Pink noise vs. white noise

Pink noise is what’s called a ‘broadband noise,’ meaning sounds made up of a wide range of frequencies. The most well-known example of this, white noise, is considered the sound equivalent of the color white, which contains all colors combined.

Pink, brown, and other colored noises differ based on the frequencies they boost.

Pink noise, for example, emphasizes lower frequencies — making it sound similar to steady rainfall or ocean waves. It’s often used for sleep, although uses for focus and tinnitus have also been reported.

These types of background noise can mask unwanted sounds — an appealing quality in an increasingly noisy world.

Since the first white noise machine for sleep was released in the 1960’s, hundreds of variations have spawned. Today, ten-hour videos of pink noise, which is often preferred over white noise for sleep due to its softer sound, pick up millions of views on YouTube.

“So many people are using it, and it’s really indiscriminate use,” Basner said.

Putting pink noise to the test

Having studied the effects of noise his whole career, it surprised Basner to learn several years ago that some people used it as a sleep aid.

That led him down a rabbit hole of research, where he found dozens of studies assessing the effects of broadband noise on sleep. However, most of them were considered to be low quality — sample sizes were small and the assessments were usually subjective.

“We don’t know whether it’s working, whether it’s harmful or not,” he said.
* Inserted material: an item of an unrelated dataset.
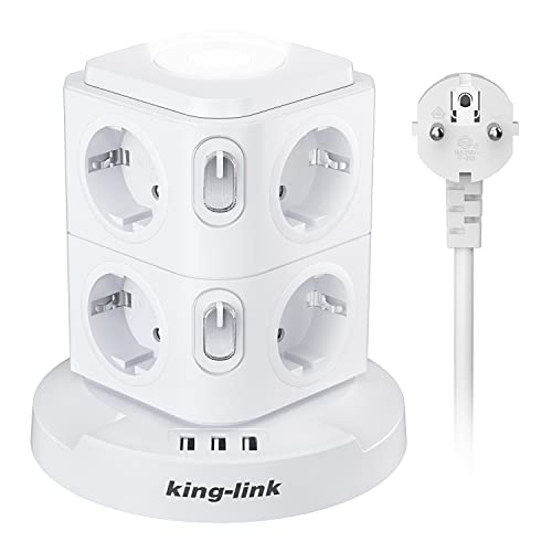Ciabatta Multipresa Verticale Con 3 USB e 8 Prese EU(2500W/10A),Multipresa Verticale Con Luce Notturna,Torretta Multipresa con Protezione Sovraccorrente,Cavo 2M Bianca,2 Interruttore...

He designed his study to occur in the hypercontrolled environment of a sleep lab at the Hospital of the University of Pennsylvania, where participants were measured using polysomnography, a test that looks at brain waves, eye movements, and muscle tone.
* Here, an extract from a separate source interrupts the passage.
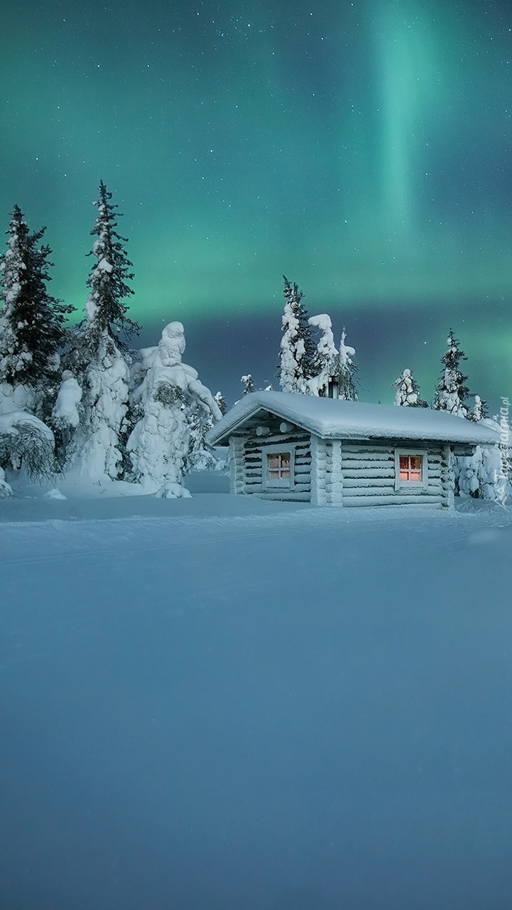 Edytor tapety: Zasypany śniegiem domek pod lasem
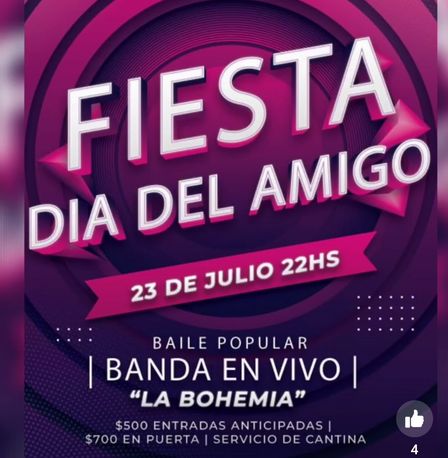 Para celebrar el día del amigo, con servicio de cantina, las anticipadas salen 500 pesos, mientras que, en puerta las entradas costarán 700 pesos.

This allowed his team to differentiate sleep stages and figure out what was happening biologically as participants were exposed to a variety of conditions: no noise, environmental noise, pink noise, pink noise and environmental noise combined, or environmental noise with ear plugs.
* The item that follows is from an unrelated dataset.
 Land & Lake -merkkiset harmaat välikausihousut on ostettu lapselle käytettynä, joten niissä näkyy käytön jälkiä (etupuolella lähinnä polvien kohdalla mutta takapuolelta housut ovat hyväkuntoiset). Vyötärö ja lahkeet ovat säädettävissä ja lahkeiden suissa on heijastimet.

Each night, the 25 participants, comprised of 18 women and seven men, were given an eight-hour window to sleep. (Lights were out at 11 p.m. and back on at 7 a.m.)

His team found that environmental noise — which ranged from the sound of a helicopter to a sonic boom — led to a 23.4 minute decrease in stage 3 sleep. This so-called ‘deep sleep’ phase where recovery occurs is important for physical repair, immune function, as well as memory.

And while pink noise didn’t affect deep sleep, it was associated with an average decrease of 18.6 minutes in REM sleep.

“REM sleep is extremely important for a lot of things like memory consolidation, emotion regulation, brain plasticity and neurodevelopment,” Basner said.

Though the study didn’t look at children, he cautioned that babies spend around half of their time sleeping in REM, compared to a quarter in adults.

Based on his findings, he would discourage parents from using broadband noise machines in the bedrooms of newborns.

For adults who don’t want to forego the noise, he would recommend using the lowest volume and setting a timer so it eventually turns off.

However, the best option would be to use foam ear plugs, he said. When paired with environmental noise in the study, they were able to block out noise and recover 72% of the deep sleep time that had been lost — although they did start losing effectiveness at higher noise levels, around 65 decibels.

“You didn’t get the REM sleep reduction because they didn’t play anything back,” Basner said.

A limitation of the study is that it had a relatively small sample size comprised of younger, healthy people without sleep disorders or hearing loss. It also only looked at the short-term effects of pink noise, and was conducted in a lab setting, versus the participants’ homes.

In the future, Basner hopes to study the long-term effects of pink noise on sleep, as well as test out other types of broadband noise.

“We need to do the proper research to make sure that it is actually, at least, not harmful,” he said.